The notes capture each artist's voice, giving a sense of the personality behind the works. Sometimes that voice is matter-of-fact, as in a self-portrait by LaShawndria Monroe, which bears the note, "This is a picture of me. This day, I had my hair up in a ponytail with a purple bow in it. I think I had a good-hair-day that day." Other times, it is exuberant, as in Kristen Kyles' large watercolor of a Pop Tart, whose label simply declares, "I am in love with Pop Tarts."

In some cases, the voice provides a counterpoint to the subject matter. "Salt Treatment," a drawing by Joseph Marquez, is a stark depiction of a child's wounded arm, with another poised above it, shaking salt onto the cut. His note reads, "When I am hurt my dad puts salt on my wounds to make them heal." The straight-faced tone of the caption echoes the drawing's clinical composition: just the two arms, extended into blank space. The drawing leaves out any sense of pain, excluding the faces and bodies of father and son.

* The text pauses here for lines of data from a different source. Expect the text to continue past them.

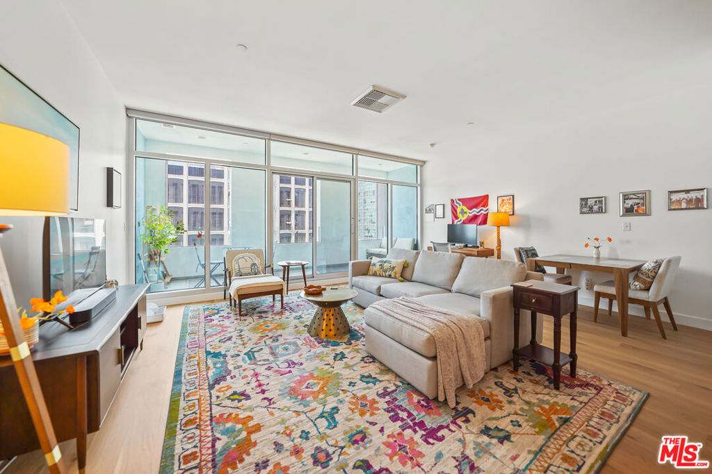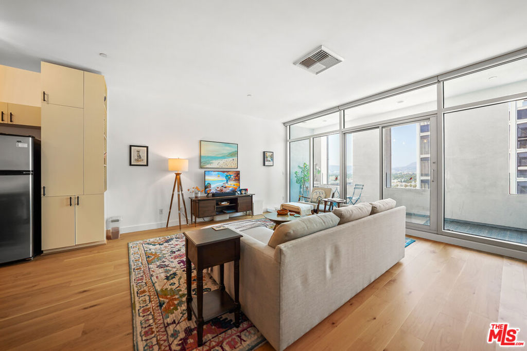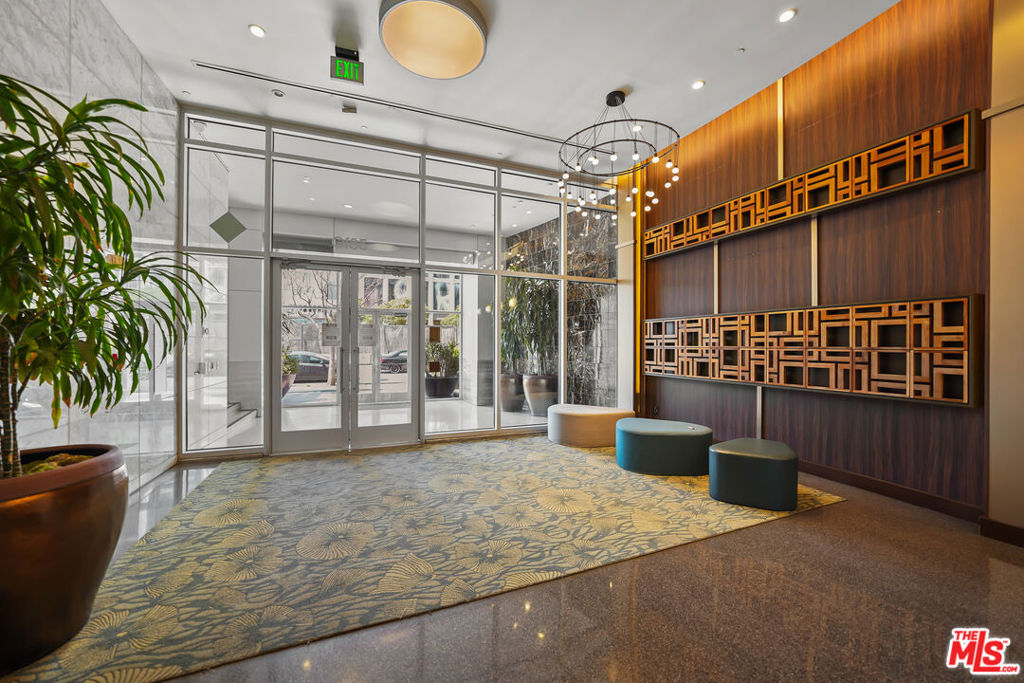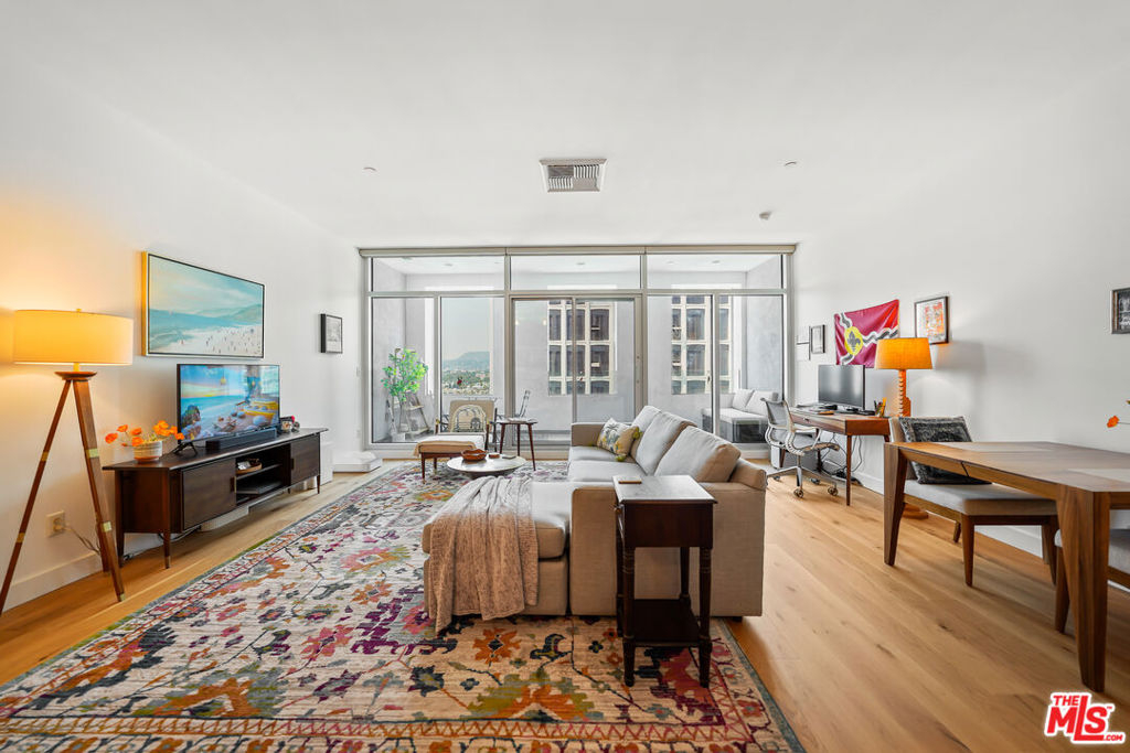 Luxury high rise condominium conveniently located in the heart of LA. This Koreatown condo has the largest floor plan for a one bedroom in The Mercury and has recently been updated with new Kahrs brand hardwood oak floors, Bosch dishwasher, Kohler kitchen faucet, Kohler toilet, Miele washer and dryer, custom Smith & Noble electric shades, kitchen light fixtures, refinished kitchen cabinets and hardware, and new paint throughout the unit. This well-maintained unit is filled with natural light, includes a walk-in closet, has a spacious balcony with picturesque views of the Hollywood Hills, Hancock Park, and Koreatown, and comes with one parking spot in the building's secure and private garage. The Mercury rooftop provides a peaceful retreat from city life and includes a state-of-the-art gym, pool, hot tub, grass lawn, BBQ area, and ample lounge areas for taking in the nearly 360 degree views of the city. The building is staffed 24/7 with attentive front desk concierge/security personnel to sign for your packages, send food/grocery delivery drivers up to your unit, and grant your guests access to guest parking. The building is also secured, requiring a key fob upon entry into the building and elevators. Within walking distance, there are ample grocery stores, shops, cafes, restaurants, doctor and dental offices, salons, transit options, etc. Larchmont Village, Hancock Park, and Melrose Hill are also nearby. This conveniently located unit makes all parts of LA easily accessible.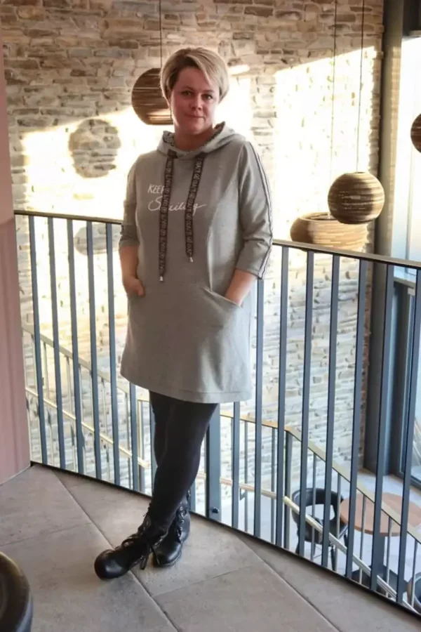 Beim Kleid Sofie bietet die raffinierte Teilung im Vorderteil einen echten Blickfang und eine gute Basis für tolle Stoffkombinationen. Die unsichtbar in die Teilung integrierten Taschen bieten genug Platz. Und ob du das neue Kleid mit oder ohne Kapuze nähen willst, entscheidest du einfach selbst.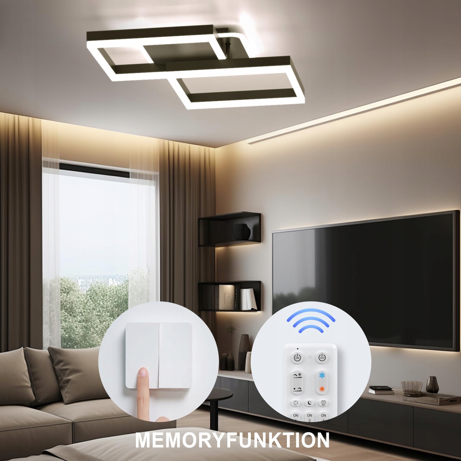 FUNKCJA PAMIĘCI: Ta ściemniana lampa sufitowa LED posiada inteligentną funkcję pamięci. Ustaw jasność/temperaturę barwową i poczekaj 10 sekund. Następnie wyłącz ją i po 10 sekundach włącz ponownie. Światło automatycznie zapamiętuje poprzedni kolor i jasność.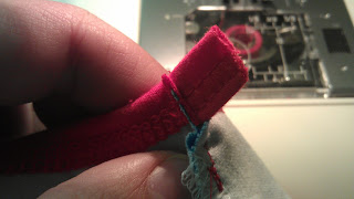 Jag klipper bort det ena kantbandet nära sömmen ( jag gör likadant om jag använt tunn interlock).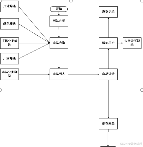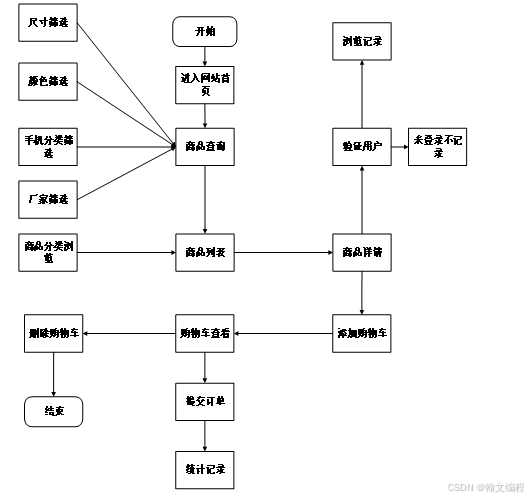 系统普通购物流程,系统通过访问系统,然后通过筛选条件,选择自己喜好的手机,提交购物车,然后提交订单,模拟支付,然后查看订单,具体流程如图4-6所示: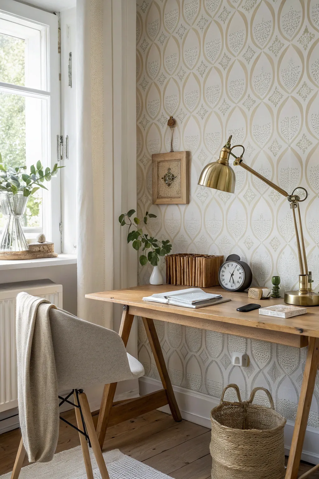 Embrace tranquility in your office with soft neutral wallpaper that promotes peace and focus.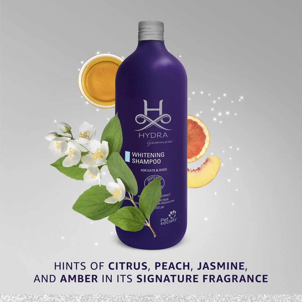 Le shampooing blanchissant haut de gamme d'Hydra, idéal pour nettoyer et éclaircir la couleur de votre animal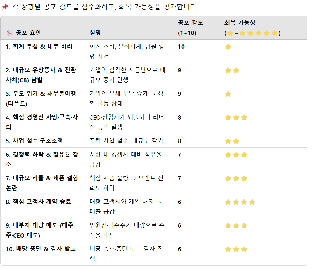 이런 상황에서는 투자자들의 신뢰가 무너지고, 주가는 단기간에 폭락할 수 있습니다.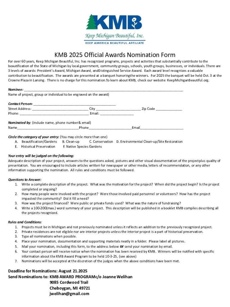 Get the free Home - Keep Michigan Beautiful, Inc. beautifying the state.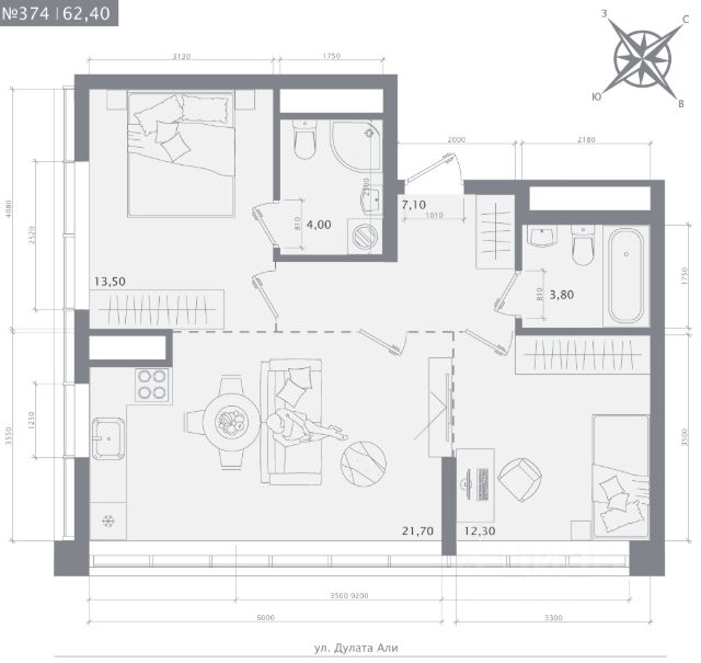Продаётся 2-комнатная квартира в строящемся доме (Дом 1), срок сдачи: IV-кв. 2027, общей площадью 60.4 кв.м., на 4 этаже.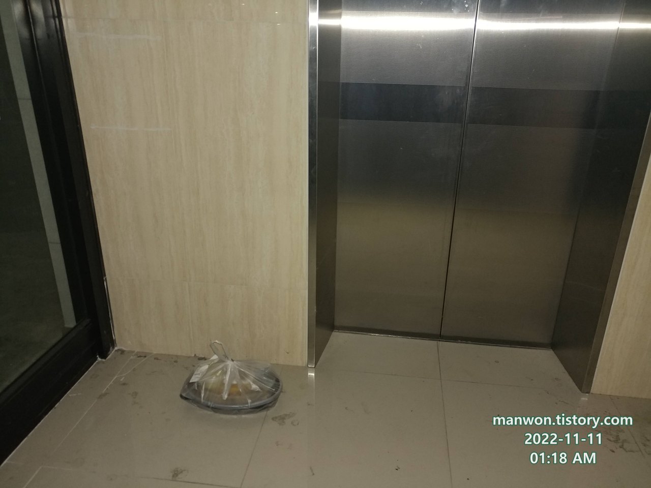 고객은 x층 엘리베이터 옆에 음식을 놓고 가면 된다고 했다. 위 사진처럼 음식을 엘리베이터 옆에 놓은 후 전달 완료 버튼을 눌렀다.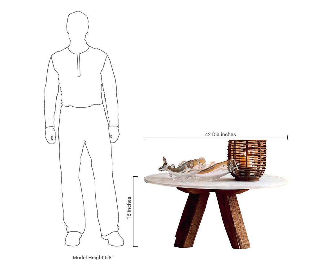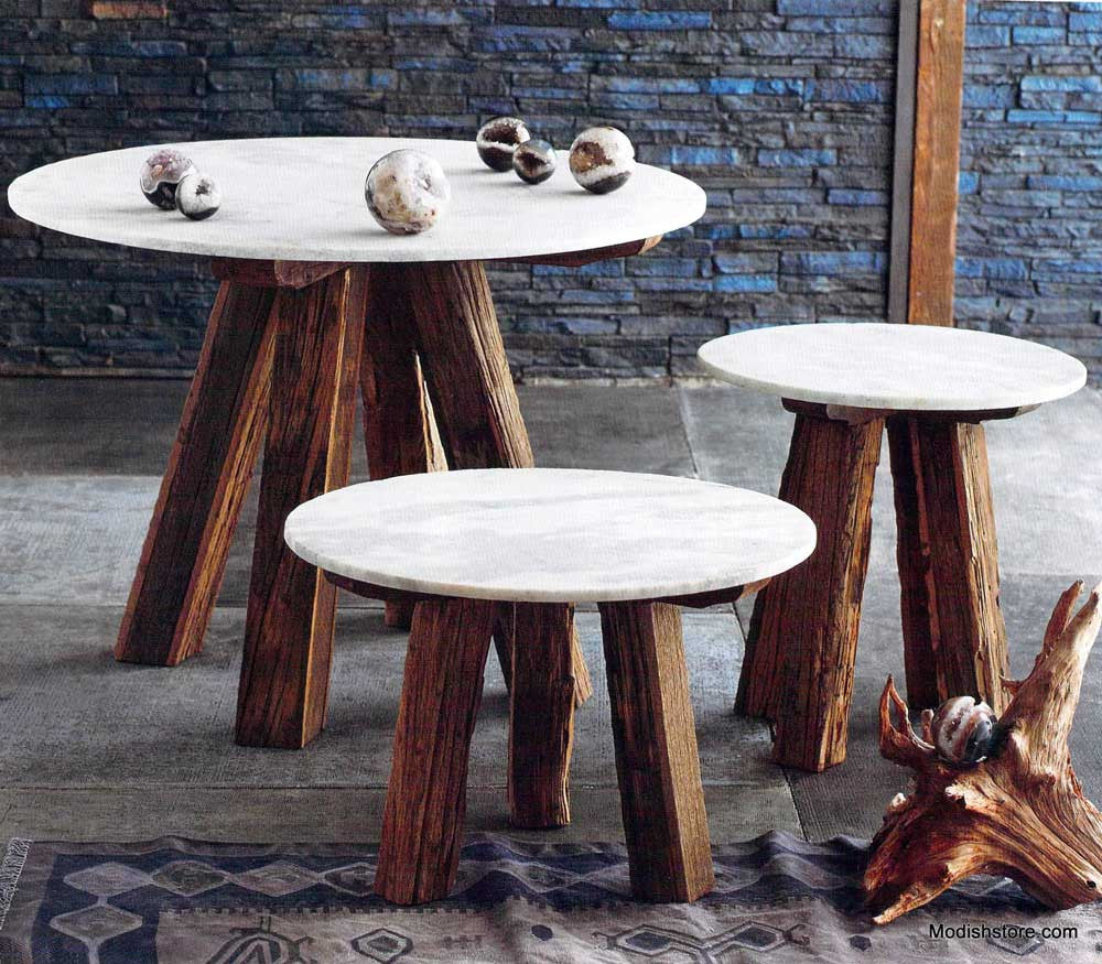 The contrast of lightly sandblasted marble tops and bases of recycled railroad ties creates the rustic grace of this table collection. These hand-crafted pieces are available in cafe, side, coffee and low table styles.

One of the most striking things about the exhibit is something that's not visible. The class and cultural boundaries that the program sought to cross appear, if at all, in a subdued manner. There are some notable exceptions, such as a quietly powerful drawing of segregated water fountains, but for the most part, the children's art tends not to dwell on inequality or difference.

The lack of such serious subject matter does not mean the children were unaware of it, though. "By and large, when you ask children, who are pretty optimistic in general, to talk about and draw these topics, they talk from hopes," Crosby says.

Crosby calls the Mississippi YPCEP, which ended in 2001, "a life-changing way to do art with children." In the years since the program ended, participants' lives have changed as well. Hurricane Katrina destroyed the program's art at Moore Community House. Many of the children have since graduated from high school; one is even finishing law school this summer.

While the exhibit presents the seemingly universal optimism and exuberance of youth, it is also a document of individual young people, and it is their relationship between the general and the specific that makes the exhibit so compelling.